The Road to Iruya

December 13th, 2006 by budgetmonkeydave

the Road to Iruya

After lunch we set off on the road to Iruya, an inaccesable and picturesque hamlet that has captured the heart of Argentina’s touring class. The road to Iruya is legendary, and involves 50 km of offroading over up to a 4000m high ridge and back down again. The road was a rocky dirt track, and crossed a few running streams, but we didn’t run into any particularly sticky situations and we were left to enjoy the scenery for the two hour drive.

After passing a few tiny herding settlements and the ocassional burro, we began to ascend the desolate landscape. As we topped the ridge we were treated with some amazing views into the Iruya’s Quebrada, a much steeper valley than that of Humahuaca. Clouds hung onto the opposing ridgetop; below, the mountains cascaded dramatically into a patchwork of simple green fields and a few lonely farm hamlets. Amazingly, these tiny settlements sat precariously close to the edge of cliffs that rose vertically from the mostly dry riverbed below. Further down the valley, countless ridges folded into a multishaded vista that completed the otherworldly scene. We snapped a few photos, knowing that they wouldn’t do justice to experience.

Then the hour-long descent down switchbacks and blind corners to Iruya itself, the first site of which is a picture perfect hilltop church nestled at the foot of an improbably steep rock face.
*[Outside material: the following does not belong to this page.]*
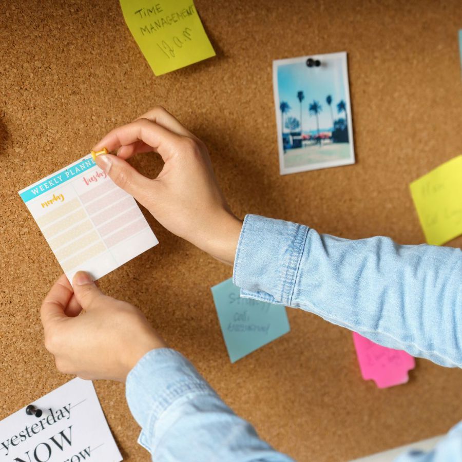 6. Stelle das Vision Board an einem Ort auf, an dem du es regelmäßig sehen kannst. Es dient als visuelle Erinnerung an deine Ziele und kann dich motivieren, darauf hinzuarbeiten.
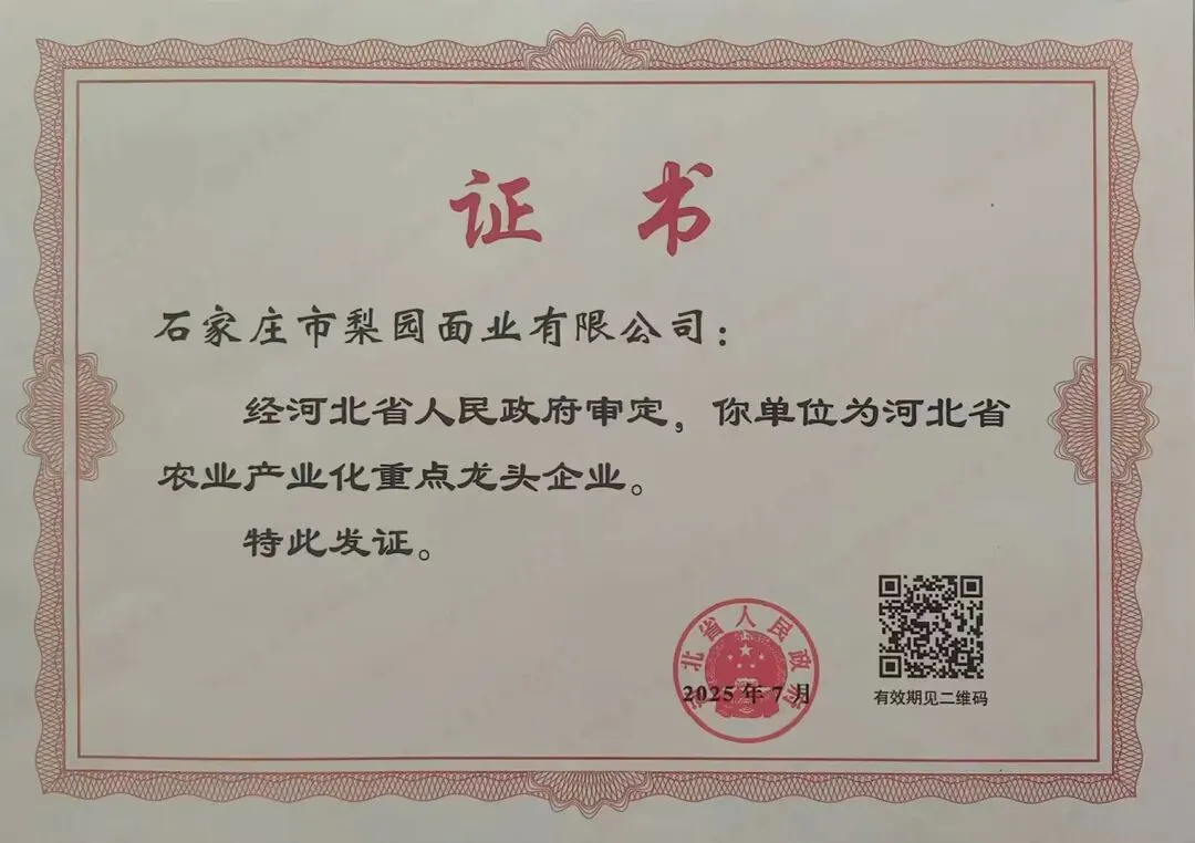 在党组织的关怀下,2024年成立了党支部,扩大了公司的社会影响力,加强了公司与政府的沟通和联系,为公司的进一步发展创造了良好的社会环境。2024年5月通过上级部门的支持,公司又进行了数字化转型,对生产流程、管理系统及基础设施的全面升级,直接促进了生产效率提10-15%,能耗降低5-10%,以及整体运营成本降低约12%,公司的经济效益也日益剧增。今年2月,公司由石家庄市农业产业化重点龙头企业,升级为河北省农业产业化重点龙头企业。2025年,梨园面业为了更上一层楼,实行5S管理制度,这一举措使公司更加制度化、规模化。

In the background looms the rest of the canyon in all its splendor.

If there was a contest for the most beautiful Argentine village, Iruya would certainly be a string contender for the top spot. What it lacks in architectural beauty it makes up for in location. The setting really is about as dramatic as one could imagine. As you meander the steep cobblestone streets (the only thing to do anyway, especially during the extended afternoon siesta hours), you’re treated to the spectacle of the valley walls everywhere you look. Every direction brings a unique landscape. As the light changes throughout the day, different colors dance among the rock formations in an endless spectacle of light and texture.